After 4 billion years, the dwarf planet Ceres is still carrying a surprising amount of water weight — as much as 30 percent.
The finding, which was published in the Jan. 6 edition of the journal Science, is consistent with earlier models, and provides valuable clues to how Ceres formed.
NASA’s Dawn spacecraft found the water using the Gamma Ray and Neutron Detector (GRaND), an instrument that matches chemical elements to patterns of gamma rays and neutrons emitted by Ceres as cosmic rays strike its surface.
“The gammas and neutrons give you a fingerprint of the elemental composition of the surface to a depth of about a meter,” said Tom Prettyman, GRaND team leader and a senior scientist at the Tucson-based Planetary Science Institute.
The key word is elements. Prettyman explained that GRaND cannot detect molecules per se, so researchers have to infer the presence of water based on what they know about how the compound affects the makeup of similar objects, such as the groups of meteorites known as carbonaceous chondrites.
“So, when I’m talking about water, as seen by GRaND, we’re making kind of a leap — we’re making an assumption that the hydrogen is in — mostly in — the form of water."

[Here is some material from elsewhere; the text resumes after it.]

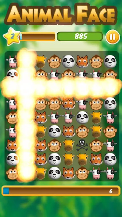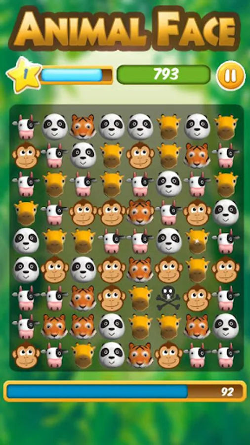 "Animal Face in Jungle" is a simple puzzle game that matches three animal faces.
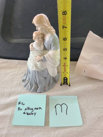 This is a statue of a Mother holding her baby in a seated position. The statue is 8 inches tall and appox 3 inches wide. The statue is in great condition with no chips.

The accumulated research on Ceres indicates that water has played a significant role in the dwarf planet’s history, from a 13,000-foot volcano formed by the action of salty, muddy ice, to existing ice deposits that sit in the “cold traps” of shadowy craters. At least one study has shown that ice might “hop” around Ceres — or escape it, as heating processes sublimate surface ice into water vapor.
Prettyman said ice distribution on Ceres is uneven due to the way exposure to the sun’s heat varies by latitude.
“If you went there and you got a shovel and dug a little hole at the north pole, you would probably immediately find water ice, whereas at the equator, you’d have to dig a little bit deeper — almost a meter beneath the surface,” said Prettyman.
The GRaND team found that beyond the water in this ice table, a surprising amount of Ceres’s water remains locked up in non-icy minerals. Prettyman explained that water altered material in Ceres’ interior as the dwarf planet developed and showed up in mineral lattices in the process.
“And so, if you add up all the sources of water that we see on Ceres, as inferred from GRaND observations, we get almost, but not quite, 30 percent. That’s very similar to what we expected going in, but still is a surprise to see it in the different forms that we found it," Prettyman said.
Dawn is the only spacecraft ever to orbit two destinations beyond Earth. After training its instruments on the giant asteroid Vesta from July 2011 to September 2012, it traveled to Ceres, where it has orbited since 2015.